ArchiveBox — screenshot of github.com

ArchiveBox

ArchiveBox is a robust open-source, self-hosted web archive solution. I'd use it to keep local copies of links from various sources, ensuring content preservation even if original sites vanish.

Visit github.com →

Questions & Answers

What is ArchiveBox?
ArchiveBox is an open-source, self-hosted web archiving tool that saves local copies of web content, including pages, images, and videos. It can ingest URLs from various sources like browser bookmarks, history, RSS feeds, or direct input. Users can view and manage their archived data through a web UI or directly in the filesystem.
Who is ArchiveBox intended for?
ArchiveBox is designed for individuals, researchers, or organizations who want to preserve web content locally and ensure access to it even if original sites go offline. It caters to those needing a personal web archive under their full control, rather than relying on third-party cloud services.
How does ArchiveBox compare to other web archiving tools?
ArchiveBox distinguishes itself by focusing on self-hosting and offering a comprehensive set of archiving methods, including Wget, Chromium, and YouTube-DL, to capture diverse content types. Unlike cloud-based services, it provides users with complete control over their archived data and storage.

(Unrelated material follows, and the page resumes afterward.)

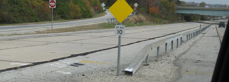It was CDL (Commercial Drivers License) testing. So we couldn't go any farther than this. It's okay, because the freeway ends just beyond the Valley Forge Rd. overpass. Valley Forge Rd. is currently PA 23 all the way out to Phoenixville, where there was to have been another freeway spur from US 422, with several turns along the way.
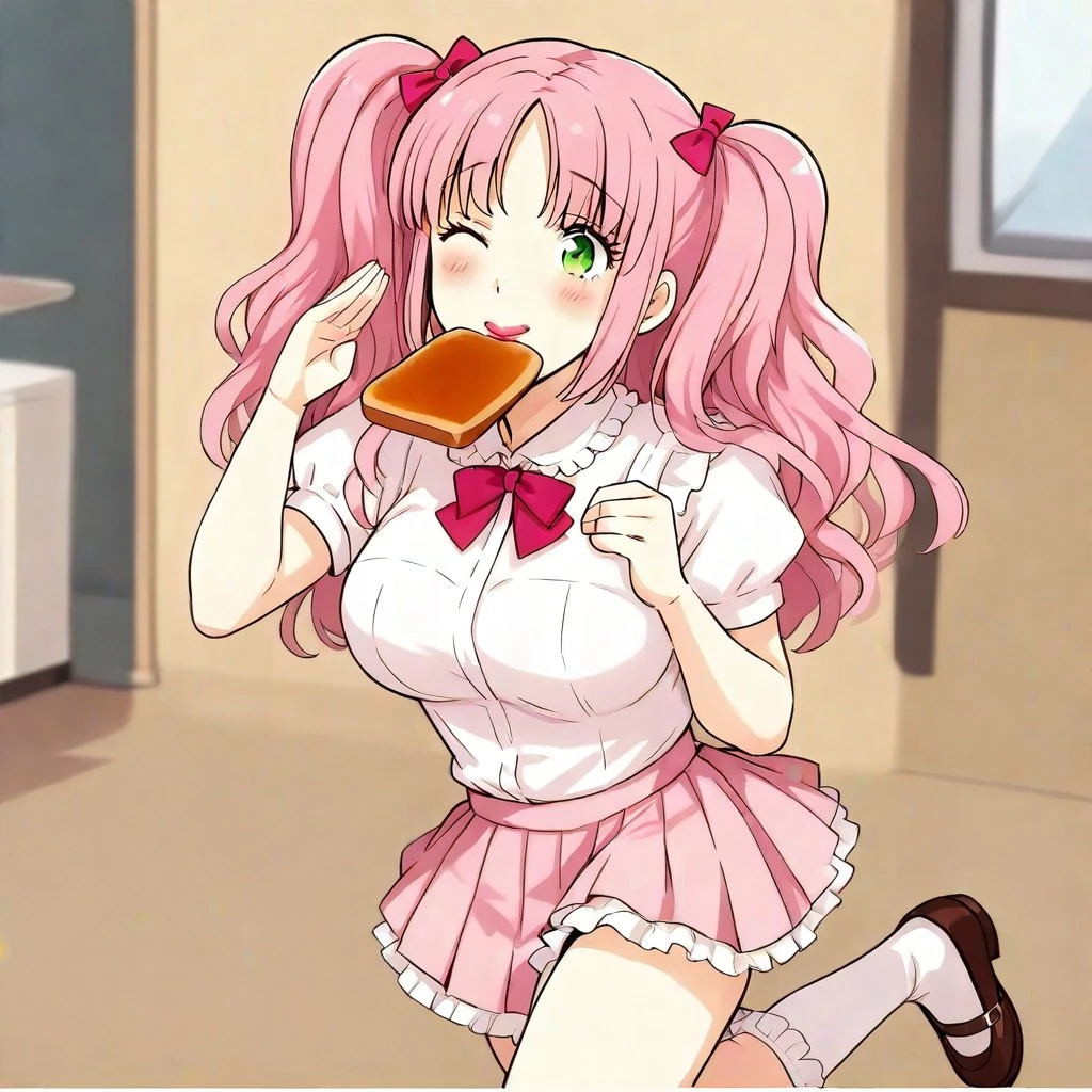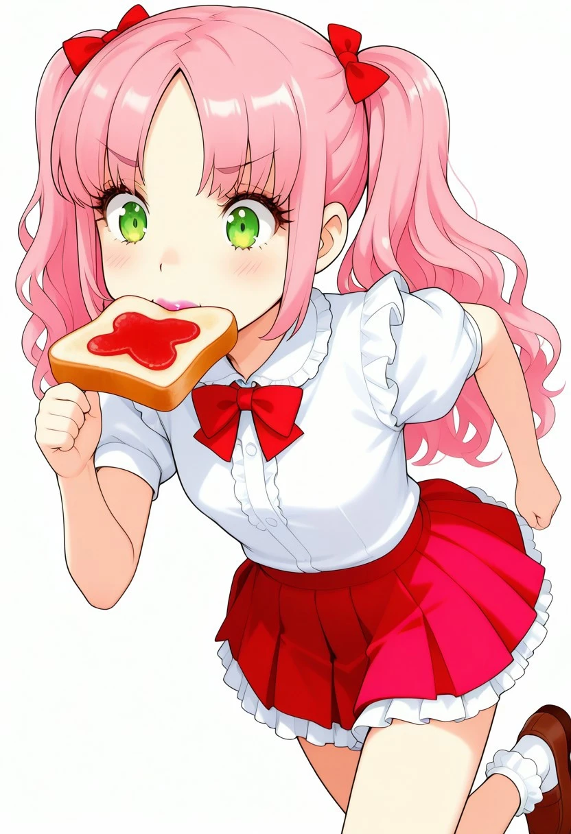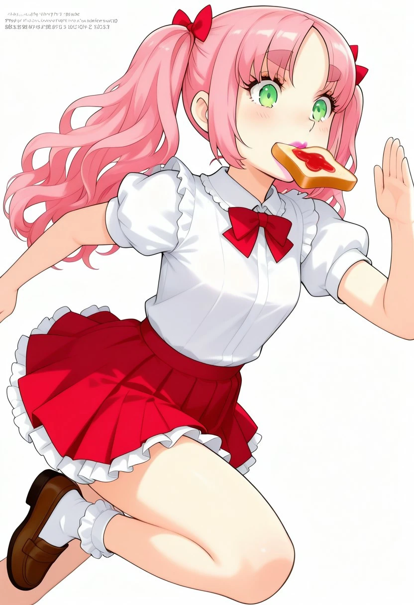 masterpiece, best quality, highly detailed, sharp focus, manga art style, anime, kawaii, 1girl, solo, cute girl, round feminine green eyes, petite , thin eyebrows, small nose, cute nose, thin feminine body, (busty:1.1), large breasts, eyelashes, thin eyebrows, pink hair, parted bangs, wavy hair, twintails, red hairbows, supple lips, lipstick, white blouse, short sleeves, poofy sleeves, red bowtie, pleated miniskirt, poofy skirt, petticoat, frilly socks, brown loafers,

It supports a wide array of input sources for URLs, making it highly versatile.
When should I consider using ArchiveBox?
You should use ArchiveBox when you require a resilient, offline-accessible personal archive of web pages, articles, videos, or social media posts. It is particularly useful for historical preservation, research, or ensuring continued access to important online resources, especially if you anticipate content might be removed or altered online.
What are the technical requirements and input methods for ArchiveBox?
ArchiveBox officially supports macOS, Ubuntu/Debian, and BSD, and can run on any system that supports Docker and/or Python. It allows for importing URLs from numerous sources, including browser bookmarks (Chrome, Firefox, Safari, Opera, IE), browser history, RSS feed URLs, Pocket, Pinboard, Instapaper, Reddit Saved Posts, and plain text files via stdin or as arguments.